The sides of the slot on the ball element surface are aligned orthogonal to the longitudinal axis of the flow port of the ball element, thus making the sides of the slot to be parallel with longitudinal axis of the flow bore of the valve in the closed position of the valve. In this fashion the closure element can move with respect to the stem end to rest against the seal. The bottom of the slot can also be curved in the direction of the slot's longitudinal axis.

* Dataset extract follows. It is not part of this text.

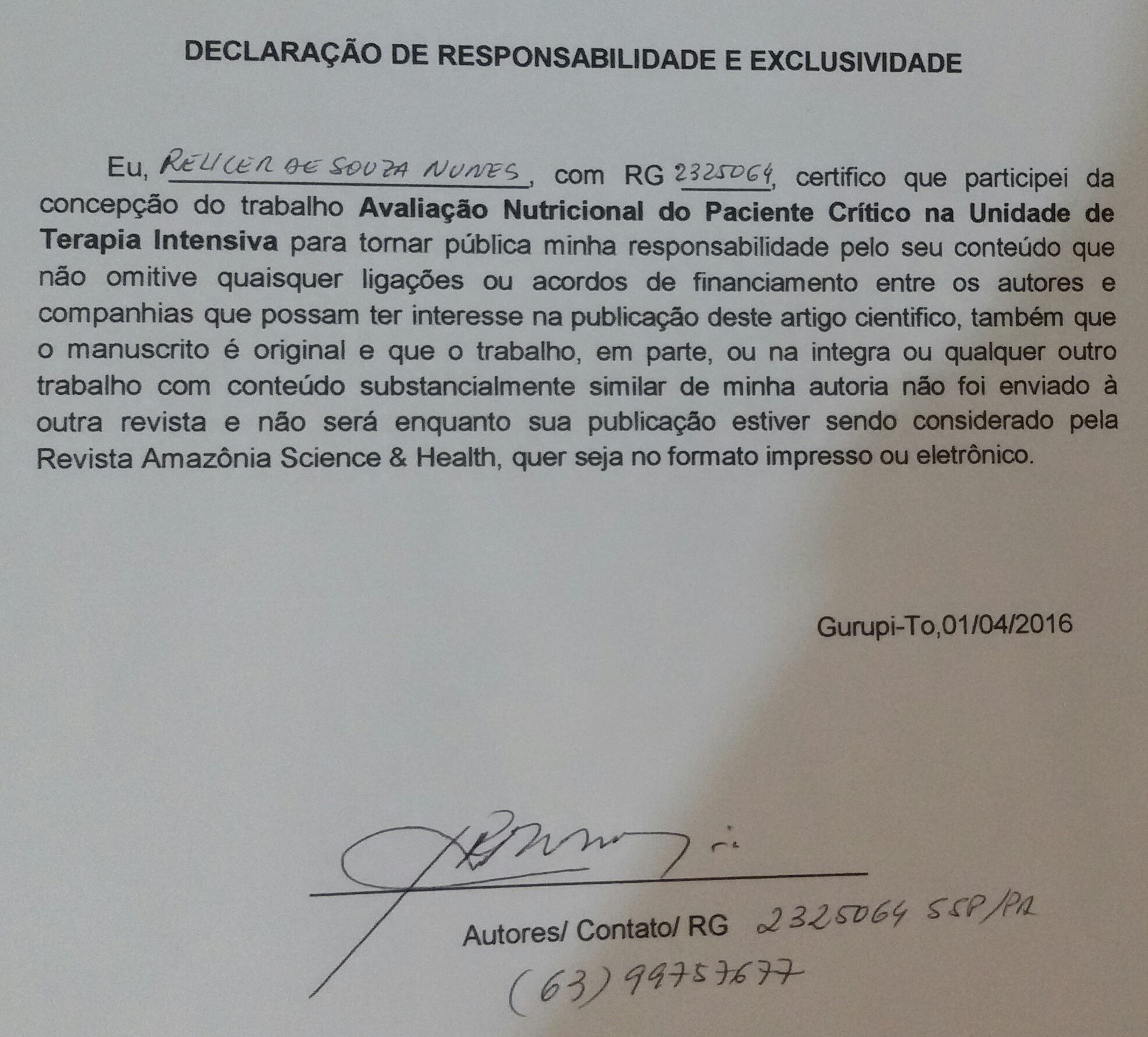 - 1º Os autores cedem à Revista Amazônia: Science & Health os direitos autorais no momento em que submetem seus artigos à mesma. Os autores declaram que o artigo submetido não foi publicado, e não está sendo considerado para publicação, na íntegra ou em parte em outro periódico. Os autores assumem total responsabilidade pela originalidade do artigo, podendo incidir sobre os mesmos, eventuais encargos decorrentes de reivindicação, por parte de terceiros, em relação à autoria do artigo.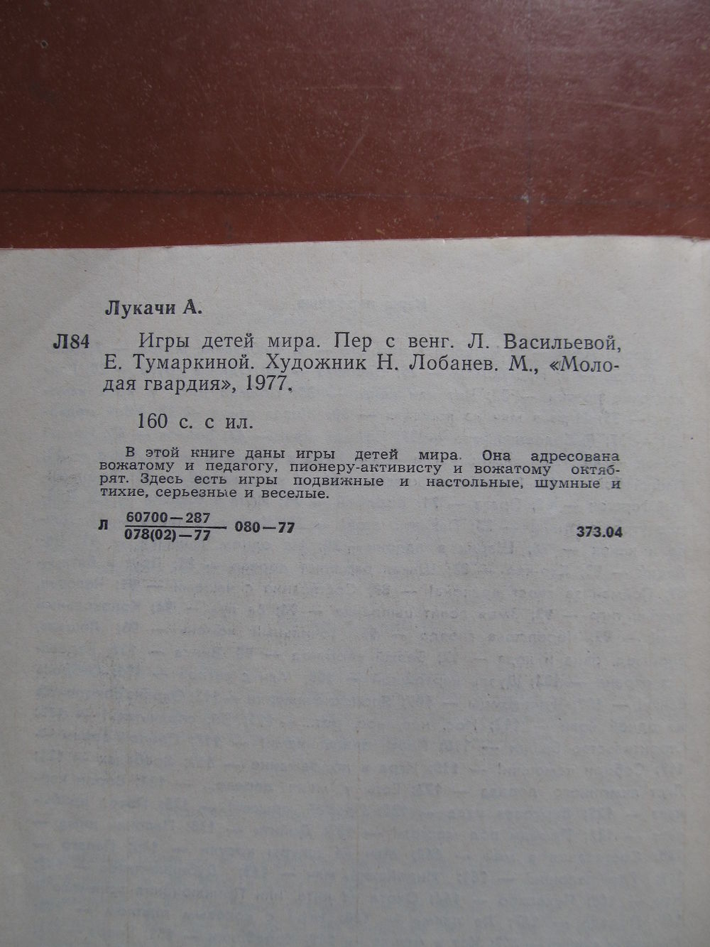 Эта книга дает описание игр, пользующихся популярностью у различных народов. В книгу вошли игры, в которые можно играть на свежем воздухе, групповые игры, требующие от игроков быстроты, физической силы, ловкости, игры для двоих или для одного, несколько игр с песнями и танцами. Там, где возможно, описание игр дополнено данными, относящимися к происхождению, истории игры.

The above-described joint between the ball element and the stem has been developed further by adapting a driver disc between the ball element and the stem having the purpose of aiding the motion of the ball element between the seat seals. The lower surface of the disc is provided with a straight ridge having a length equal to the disc diameter in a direction perpendicular to the longitudinal axis of the flow port of the ball element and the upper surface of the disc is correspondingly provided with a straight slot aligned orthogonally to the above-described ridge. The ridge of the lower surface is adapted to fit in the slot on the ball surface and a ridge formed to the end of the stem is adapted to fit in the slot of the disc's upper surface. As to its other functions, the valve corresponds to the sealing function of the first described embodiment of the stem joint, whereby the sealing force is also in this embodiment exerted by the pressure differential over the closed valve.

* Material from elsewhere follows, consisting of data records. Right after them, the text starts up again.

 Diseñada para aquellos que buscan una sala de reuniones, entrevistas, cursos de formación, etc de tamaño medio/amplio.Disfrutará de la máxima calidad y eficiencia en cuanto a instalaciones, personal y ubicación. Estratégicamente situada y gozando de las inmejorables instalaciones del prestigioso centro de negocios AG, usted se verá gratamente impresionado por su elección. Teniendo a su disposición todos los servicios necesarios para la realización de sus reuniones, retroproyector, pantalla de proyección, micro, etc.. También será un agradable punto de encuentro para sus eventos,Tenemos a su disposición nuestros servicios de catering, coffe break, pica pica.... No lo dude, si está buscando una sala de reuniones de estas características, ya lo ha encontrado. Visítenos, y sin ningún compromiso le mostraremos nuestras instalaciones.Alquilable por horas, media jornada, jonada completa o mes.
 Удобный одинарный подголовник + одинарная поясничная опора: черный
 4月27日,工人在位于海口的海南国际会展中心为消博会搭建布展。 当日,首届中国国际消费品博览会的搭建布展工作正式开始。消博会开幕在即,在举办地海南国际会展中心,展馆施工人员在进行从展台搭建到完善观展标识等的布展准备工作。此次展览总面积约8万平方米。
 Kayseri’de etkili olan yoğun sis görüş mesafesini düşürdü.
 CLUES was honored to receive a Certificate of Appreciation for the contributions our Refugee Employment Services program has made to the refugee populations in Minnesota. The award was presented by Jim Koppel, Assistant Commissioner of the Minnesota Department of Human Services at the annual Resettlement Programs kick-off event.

A further constructional embodiment used in ball valves is such in that the ball element surface has an internally splined hole into which a splined stem is fitted. The valve design may have one or two shafts supporting the ball, but the two-shaft type is more common. In the two-shaft construction the lower trunnion shaft below the ball element retains the ball centered relative to the driving shaft during operation of the valve, and the sealing function is provided by the pressure compressing the ball element against the seat seals. The function of the one-shaft valve corresponds to that of the above-described valves.
A typical stem-and-ball system designed for pressure-assisted sealing is disclosed in the U.S. Pat. No. 3,843,091 (Gachot, Oct. 22, 1974).

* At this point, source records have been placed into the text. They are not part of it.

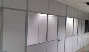 Divisórias Eucatex Divilux: Composto de painéis, portas, perfis e peças para fixação, possibilitam inúmeras combinações que se adaptam perfeitamente à necessidade de cada projeto. Além disso, permite vários tipos de modulação — em forma de X, L ou T, com passagem de fiação e colocação de painéis em várias situações. Os painéis e portas são fornecidos com o miolo MSO (“honey comb”), capaz de absorver impactos e distribuí-los nos vários pontos que formam as colmeias.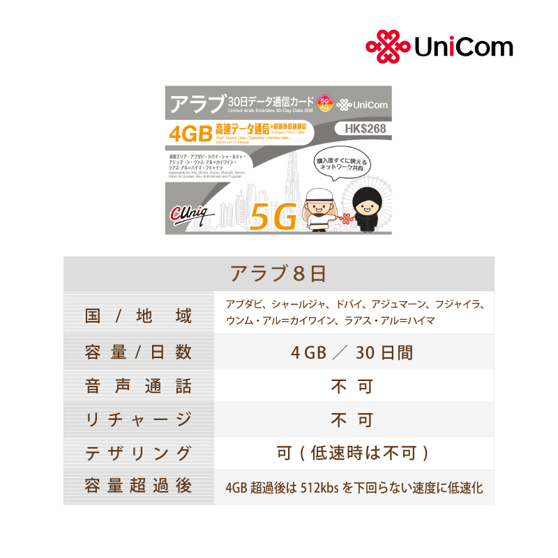 不課税【物理SIM/ネコポスゆうパケット発送】China Unicom HK アラブ首長国連邦 データ通信専用 プリペイドSIMカード 30日 4GB
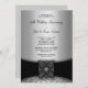 Elegantes invitaciones modernas de color negro con damasco plateado para la fiesta del 25 aniversario de boda.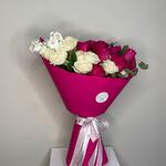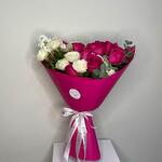 Wrapping - 1 ud. rosa blanca en aerosol - 6 ud. matthiola blanca - 1 ud. rosa fucsia brillante - 9 ud.

The U.S. Pat. No. 3,767,162 (Ohlsson, Oct. 23, 1973) concerns an invention related to the joint between the stem and the ball element.
The U.S. Pat. No. 4,342,330 (Wieveg et al., Aug. 8, 1982) discloses a design in which the joint between the ball element and the stem is implemented using a driver disc between the ball element and the stem.
The FI patent publication 79,253 (Kivipelto, Aug. 8, 1989) concerns an invention related to a one-shaft ball valve and employing a spline joint between the ball element and the shaft that transmits the operating torque.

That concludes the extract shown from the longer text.